The reason for this dearth of evidence is made clear by the trial court’s opinion filed pursuant to former Rule 46 *260of the Rules of the Superior Court of Pennsylvania.2 The court was concerned that the appellees would incur the expense of an attorney while appellant’s legal services were supplied by the government. The court therefore held that appellant had “not made out a claim for relief . . .and dismissed the petition without evidence of the appellees’ capabilities.

The proceedings in the trial court and the briefs filed with this court demonstrate conclusively that appellees are and have been represented ably by private counsel. Therefore, the logic of the trial court’s action is, at the least, questionable. However, it is clear that the reason appellees did not introduce evidence is because the trial judge determined that they need not do so.

In his opinion, the trial judge supplies us with many relevant facts. Appellee Frank Davison is a steadily employed postman living in Waynesburg, Pennsylvania. He is a typical representative of middle America. His family is respectable. Appellant, on the other hand, has no useful training or skills, is immature, and has been “badly confused by the values of the counterculture.” However, these findings are not supported by any evidence of record. Further, they are not facts of which a court may ordinarily take judicial notice. Therefore, they cannot enter into the decision of this case.3

The court en banc approved the trial court’s decision, noting that appellant admitted the qualifications of *261appellees when she placed the child with the appellees in the first place. However, we reiterate that summary conclusions are inappropriate when the custody of a child is the concern. Gunter v. Gunter, supra.

From examining the evidence that is properly before us, we can conclude only that appellant is a fit and capable mother. The record establishes nothing about Bryan or the appellees. Thus, it is impossible to determine from this record where the best interests of Bryan lie.

We recognize that depriving a parent of her child is one of the most serious interferences that the state can impose on an individual. We also recognize that in a dispute over custody between a natural parent and one other than a parent, those seeking to deprive the parent of custody face an enormous burden. See In re Custody of Myers, 242 Pa.Super. 225, 363 A.2d 1242 (filed September 27, 1976), and cases cited therein.

In this case, however, we would be shirking our responsibilities were we to attempt to decide the best interests of Bryan from a barren record. This court has frequently indicated that where the record is incomplete, remand is necessary. Gunter v. Gunter, supra; Augustine v. Augustine, supra; Commonwealth ex rel. Grillo v. Shuster, supra; Commonwealth ex rel. Ashfield v. Cortes, 210 Pa.Super. 515, 234 A.2d 47 (1967).

Therefore, the order of the lower court is vacated and the case is remanded for proceedings consistent with this opinion.
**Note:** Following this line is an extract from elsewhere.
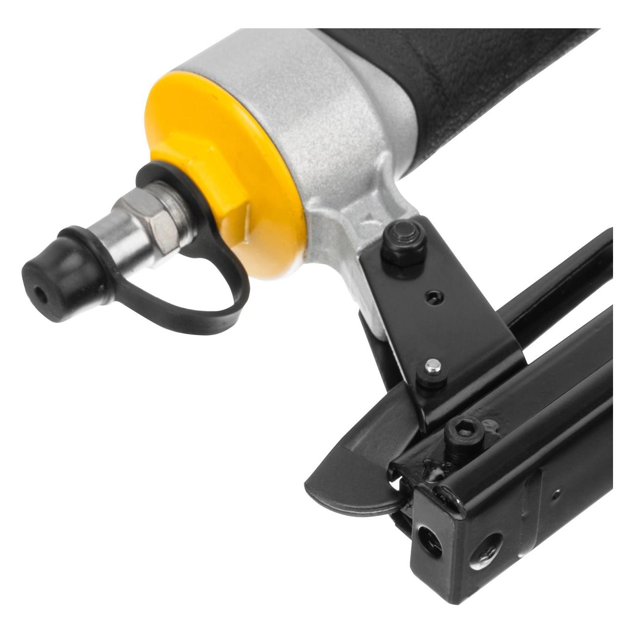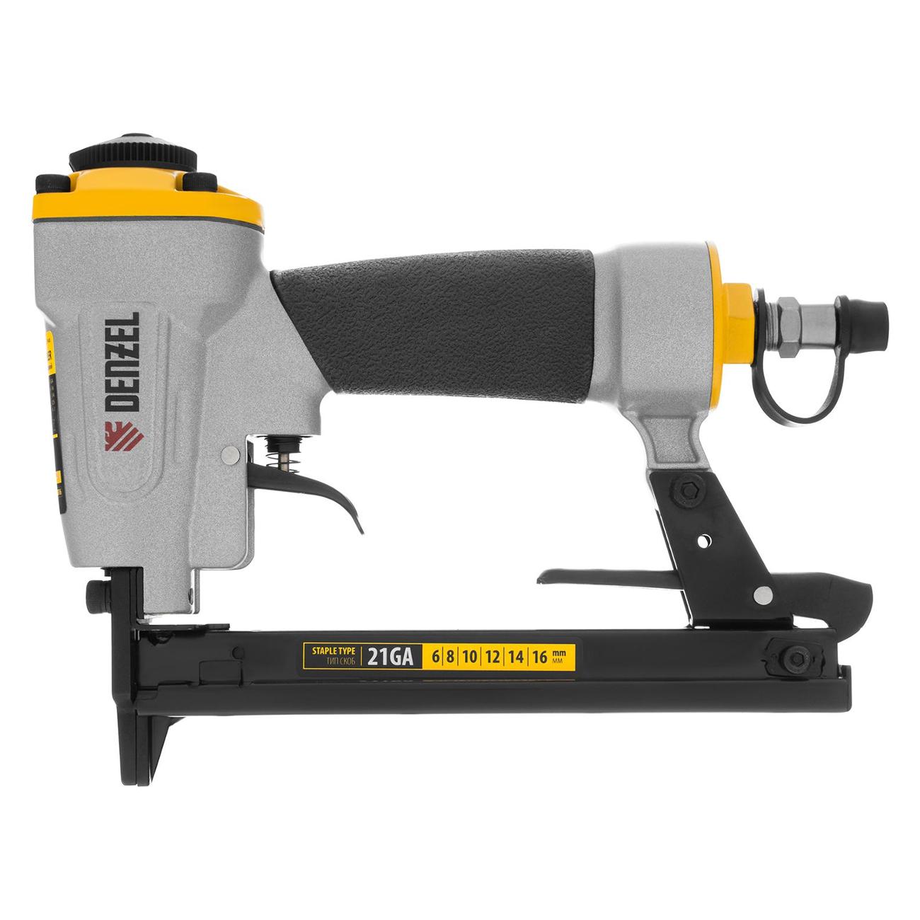 Нейлер-степлер Denzel PS8016 черного/серого цвета сделан из прочного алюминия, устойчивого к образованию коррозии. Вместимость магазина — 125 штук. Устройство совместимо со скобами 80/GA21 (размер — от 0,6 до 1,6 см). Габариты модели — 6х19х25 см. Вес изделия — 900 г. Давление — от 7 бар. В комплектацию входит масленка и набор ключей. Индикатор показывает наполненность магазина. Направление выпуска воздуха регулируется. Эргономичная ручка с прорезиненной поверхностью не скользит в ладони. Диаметр штуцера составляет 1,4".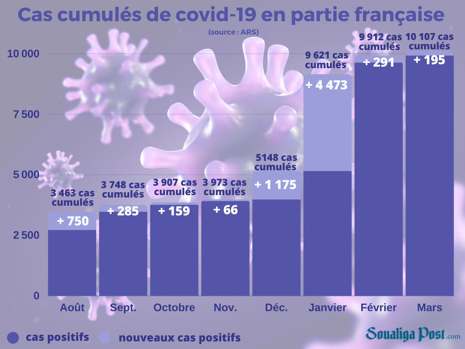La barre des 10 000 cas de covid-19 a été franchie en mars en partie française. Le dernier bulletin sanitaire fait état de 10 107 cas au 27 mars. 195 personnes ont été testées positives le mois dernier contre 291 en février. Il s’agit du nombre de contaminations le plus bas depuis novembre.

JACOBS, J., joins in this opinion as well as the concurring opinion below. HOFFMAN, J., concurs in the result of this opinion as well as that of the concurring opinion below. SPAETH, J., files a concurring opinion in which JACOBS, J., joins and in which HOFFMAN, J., concurs in the result.

. The relationship between Bryan and the appellees was never conclusively established. The appellees are the aunt and uncle of Duane Rawls, who admitted to fathering Bryan. However, George Hughes also admitted being the father. Appellant was uncertain, but suspected that Duane Rawls was not the father of her son.

. Rule 46 was abrogated effective July 7, 1976, by Pa.R.A.P. 5102. Lower courts are now required to file opinions pursuant to Pa.R.A.P. 1925.

. The lower court also justifies its decision on the grounds of “racial tensions”. Appellant is white. George Hughes, Duane Rawls, and appellees are black. The trial court decided that under the standards of the community, Bryan’s welfare would be enhanced by his living with a black family. However, “problems related to racial identity [are] inapplicable in custody proceedings. . . .” Commonwealth ex rel. Myers v. Myers, 468 Pa. 134, 143, 360 A.2d 587, 591 (1976).